NetApp specializes in helping customers get the most out of their data with industry-leading cloud data services, storage systems and software. The company brings enterprise-grade data services you rely on into the cloud, and the simple flexibility of cloud into the data center. NetApp’s solutions work across diverse environments and the world’s biggest clouds.
NetApp uses InfluxDB for real-time resource trending, SLO/SLI calculations, and alerting. The SRE team relies very heavily on the ability to identify trends in resource consumption for critical Linux servers within their infrastructure, DB monitoring, and custom resource monitoring. The company has been using TICKscript for downsampling and alerting, but is now starting to look into using Flux.
The company has found that InfluxDB has a high ingest, integrates well with other tools, and is extremely performant.
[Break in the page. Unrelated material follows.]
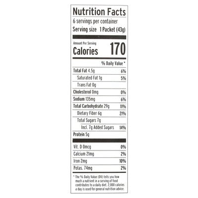 INGREDIENTS: Organic Certified Gluten-Free Oats, Organic Coconut Sugar, Organic Fair Trade Dark Chocolate Chunks (Organic Cane Sugar, Organic Chocolate Liquor, Organic Cocoa Butter, Organic Vanilla Extract), Organic Flax Seeds, Organic Chia Seeds, Chicory Root Powder, Sea Salt, Organic Quinoa Flakes, Organic Puffed Amaranth.

They are able to monitor multiple systems efficiently and integrate with Grafana, which is their preferred method of displaying dashboards. They have also found the Slack integration to be very useful since that is what the team uses for communication across the globe. If they have an alert triggered via data that they are storing in InfluxDB, their team members in India can see it at the same time as in the US, allowing the company to coordinate quick responses.
Lead Site Reliability Engineer Dustin Sorge likes that InfluxDB is highly effective for storing and processing time series data. For the SRE team, time series data has allowed them to efficiently detect trends that can lead to failure conditions within their environment. The system data that is collected via Telegraf is also useful when investigating failure conditions (trends in memory usage, CPU usage, etc.) which is key to the SRE postmortem process.
Sorge recommends checking out the Slack integration. NetApp is currently using Kapacitor to alert Slack via Webhooks. This empowers their globally distributed team to function seamlessly with the foundation of time series data stored in InfluxDB. Sorge is also looking forward to checking out Starlark within Telegraf.
Linux server monitoring
SRE team relies on trend analysis
Improved operations
Through better alerting utilized by their worldwide team
Reduced downtime
Via better detection and trend analysis
“The biggest benefit to using InfluxDB for our team is how easily it is for us to write customized alerting for our homegrown software. I would recommend InfluxDB to anybody who’s trying to trend any kind of data over time, and they’re looking for a tightly integrated software stack that enables them to do that.”